### Task to carry out:
Copy out the listing that follows exactly, dropping every picture.

### Collected data:
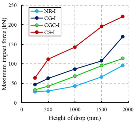 The impact load and deflection time histories for each specimen were recorded for each height. Figure 8 illustrates the specimen NR-I’s impact force and mid-span deflection time histories as an example of the impact response. The first pulse’s peak grew in proportion to the drop height, whereas the initial pulse-like waveform had a duration of about 25 ms regardless of the drop height. The length of the blunt waveform grew as the drop height increased, but the peaks of the blunt waveforms were approximated independently of the drop height. The maximum mid-span deflection increased as the drop height increased. Comparisons of the maximum impact force and maximum mid-span deflection of specimens NR-I, CG-I, CGC-I, and CS-I for different heights are listed in Table 6 and shown in Figure 9 and Figure 10, respectively.
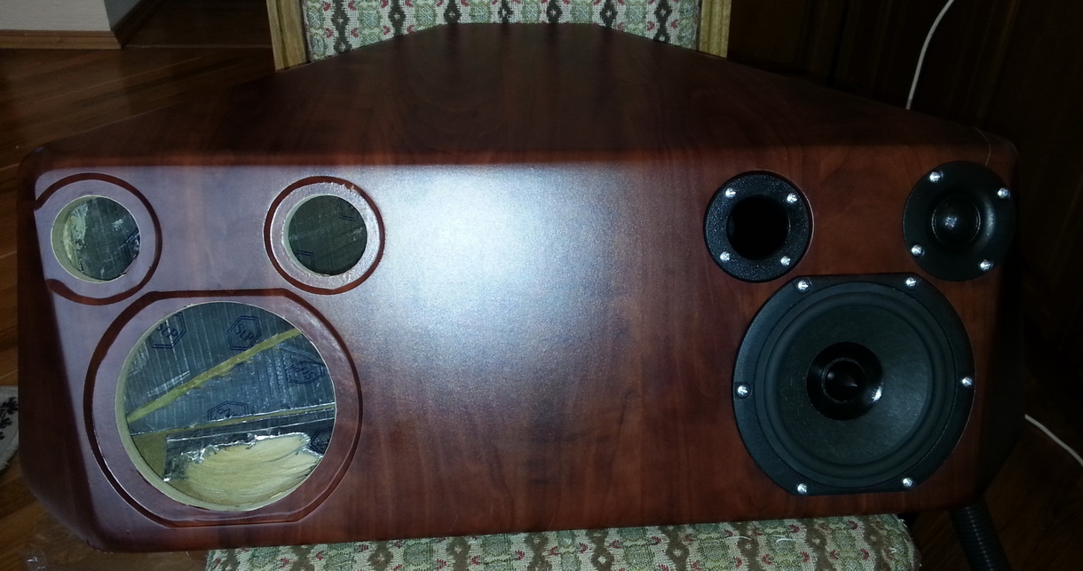 Корпуса внутпи проклеены шумкой (сырая резина с фольгой) сверху неё паролон рефлёный. Передние и задние стенки проклеены жидкие гвозди и через бруски прикручены на 4 самореза каждая. Кросоверы закреплены на боковых стенках при помощи 2х саморезов каждый, а так как они прижаты к паролону нет ни каких шансов на призвуки. Кабели от самих драйверов минимальны около 10 см. Колонки асиметричны на правой твитер справа а на левой слева (если что можно поменять). Ну и пару фото промежуточного процесса .... |
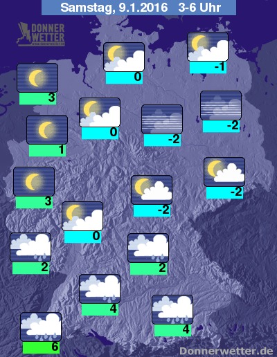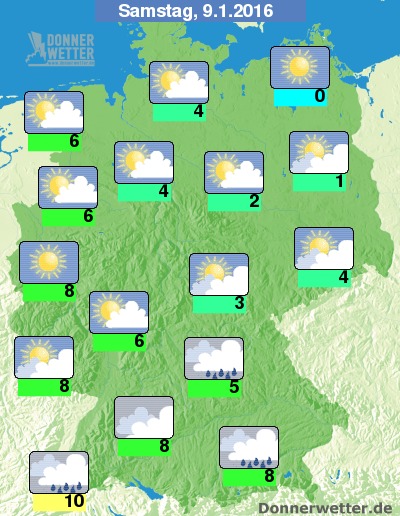 Am Samstag bleibt der Himmel über dem Süden Deutschlands weitgehend bedeckt, dabei zieht sich der Regen jedoch ins Alpenvorland zurück. Im übrigen Bundesgebiet scheint zwischen meist nur lockeren Wolken häufig die Sonne und vor allem am Vormittag ist es auch verbreitet sonnig. Nachmittags ziehen oft lockere Wolken durch, es bleibt jedoch trocken. Die Temperatur steigt auf örtlich 0 Grad in Vorpommern und bis etwa 10 Grad im Breisgau.

### Output for this task:
 The impact load and deflection time histories for each specimen were recorded for each height. Figure 8 illustrates the specimen NR-I’s impact force and mid-span deflection time histories as an example of the impact response. The first pulse’s peak grew in proportion to the drop height, whereas the initial pulse-like waveform had a duration of about 25 ms regardless of the drop height. The length of the blunt waveform grew as the drop height increased, but the peaks of the blunt waveforms were approximated independently of the drop height. The maximum mid-span deflection increased as the drop height increased. Comparisons of the maximum impact force and maximum mid-span deflection of specimens NR-I, CG-I, CGC-I, and CS-I for different heights are listed in Table 6 and shown in Figure 9 and Figure 10, respectively.
 Корпуса внутпи проклеены шумкой (сырая резина с фольгой) сверху неё паролон рефлёный. Передние и задние стенки проклеены жидкие гвозди и через бруски прикручены на 4 самореза каждая. Кросоверы закреплены на боковых стенках при помощи 2х саморезов каждый, а так как они прижаты к паролону нет ни каких шансов на призвуки. Кабели от самих драйверов минимальны около 10 см. Колонки асиметричны на правой твитер справа а на левой слева (если что можно поменять). Ну и пару фото промежуточного процесса .... |
 Am Samstag bleibt der Himmel über dem Süden Deutschlands weitgehend bedeckt, dabei zieht sich der Regen jedoch ins Alpenvorland zurück. Im übrigen Bundesgebiet scheint zwischen meist nur lockeren Wolken häufig die Sonne und vor allem am Vormittag ist es auch verbreitet sonnig. Nachmittags ziehen oft lockere Wolken durch, es bleibt jedoch trocken. Die Temperatur steigt auf örtlich 0 Grad in Vorpommern und bis etwa 10 Grad im Breisgau.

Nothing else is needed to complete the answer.